### Instructions for the task
From the entries below, retype only the lines from the one with "Śmieszna koszulka ciążowa" through the one with "现代书桌草图大师模型下载、现代书桌su模型下载", exactly as written.

### Supplied data
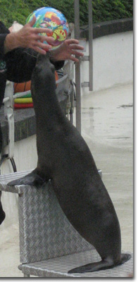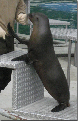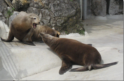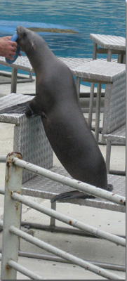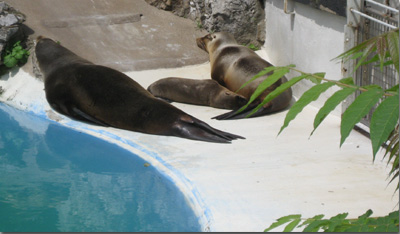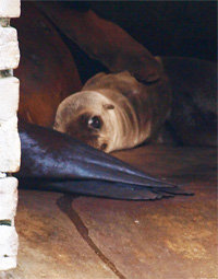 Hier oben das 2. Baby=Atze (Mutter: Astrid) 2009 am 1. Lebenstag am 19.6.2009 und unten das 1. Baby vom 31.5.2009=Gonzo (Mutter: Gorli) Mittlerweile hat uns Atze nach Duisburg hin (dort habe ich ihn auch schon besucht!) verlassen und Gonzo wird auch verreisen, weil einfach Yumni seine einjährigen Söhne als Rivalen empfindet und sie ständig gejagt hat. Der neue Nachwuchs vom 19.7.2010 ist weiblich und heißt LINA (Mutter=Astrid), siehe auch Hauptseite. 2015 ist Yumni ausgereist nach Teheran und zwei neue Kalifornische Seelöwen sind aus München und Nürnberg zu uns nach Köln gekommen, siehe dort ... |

...

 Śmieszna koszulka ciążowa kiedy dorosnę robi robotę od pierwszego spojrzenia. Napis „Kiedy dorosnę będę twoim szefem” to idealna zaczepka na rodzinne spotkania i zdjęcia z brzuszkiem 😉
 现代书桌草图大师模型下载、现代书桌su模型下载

--

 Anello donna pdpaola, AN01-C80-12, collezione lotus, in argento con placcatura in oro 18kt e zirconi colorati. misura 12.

### Task answer
 Śmieszna koszulka ciążowa kiedy dorosnę robi robotę od pierwszego spojrzenia. Napis „Kiedy dorosnę będę twoim szefem” to idealna zaczepka na rodzinne spotkania i zdjęcia z brzuszkiem 😉
 现代书桌草图大师模型下载、现代书桌su模型下载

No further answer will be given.